Wilson rolls his eyes. “I’m not mad, and I don’t want it to stop…but you know that already. I just want to know why for curiosity’s sake. Nothing more than that.”
“I already knew that. I’ve watched your every thought about it the past three weeks. It’s so interesting.” The passion in House’s voice is equated to any other person saying I love you, you’re so sexy. Knowing that’s what it means since he’s fluent in House-ology speak, Wilson smiles, smitten.
“So it was just a game,” he says, sighing. His good mood is slightly dampened, but it was to be expected. He shouldn’t have gotten his hopes up. Same old House, just playing with him. Cuddy was wrong.
A flash of hurt passes through House’s eyes. He breaks eye contact, and after a long moment, he murmurs, “It grounds me,” fiddling with the tablecloth. “Your touch. Makes my mind…shut up. Sometimes I need that.”
“Is it just touch?” Wilson asks, stepping closer. “Or is it my touch?”
House meets his eye again. “You need to know.” It’s a statement, not a question.
Wilson nods.
“What a stupid question.” House takes his face in his hands and kisses him hard, as if forcing the answer into his mouth. Idiot. Don’t you see? How could it be anyone else?

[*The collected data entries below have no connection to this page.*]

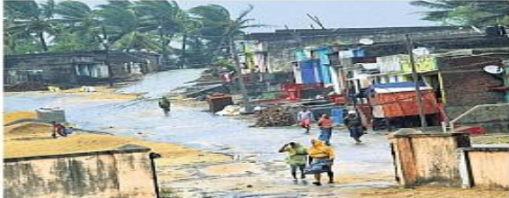
■ Residents in Ganjam negotiating their way in gusty winds as the cyclonic storm makes landfall in the wee hours of Thursday
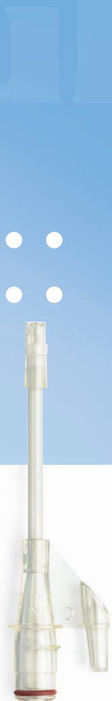
210-16 Irrigation Only Tip
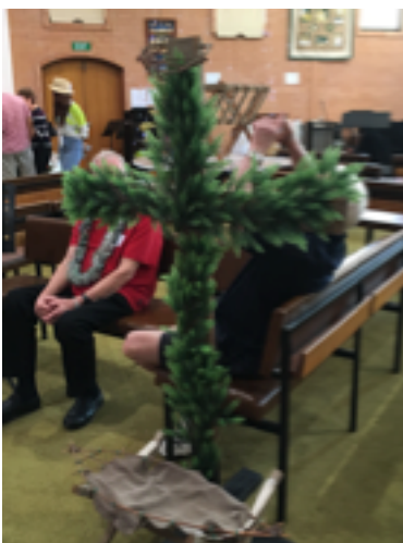
St. Luke's Tree 'From the Cradle to the Cross'

Words don’t matter, only actions do.
When House lets him go, Wilson is breathless and lightheaded. He notices the way a sort of comfort passes over House's features when Wilson pets his arms, running his fingers idly up and down. "And the finger sucking?" he asks wryly, tilting his head. "Was that really necessary?"
"Two parts quieting my head, one part driving you so crazy you'll snap and fuck me later. Win win."
Wilson rolls his eyes and smiles. House tries to pull away but Wilson keeps a grasp on his wrist, keeping him closely trapped against the counter. "You want your dinner?" House teases, eyes glittering. "Or your dessert?"
"God, never use cheap lines like that on me again. Just ask me to touch you instead."
"Why would I ask when I can do this?" House takes Wilson's arms and folds them around his waist, kissing him hard.
As if Wilson needs a reason to touch House often after all these years of pining. "I can feel you thinking devious thoughts up there," House murmurs into his mouth, and indeed, Wilson is contemplating all the revenge he can exact. All the touches he can inflict now that he knows House wants them just for what they are. "I like it."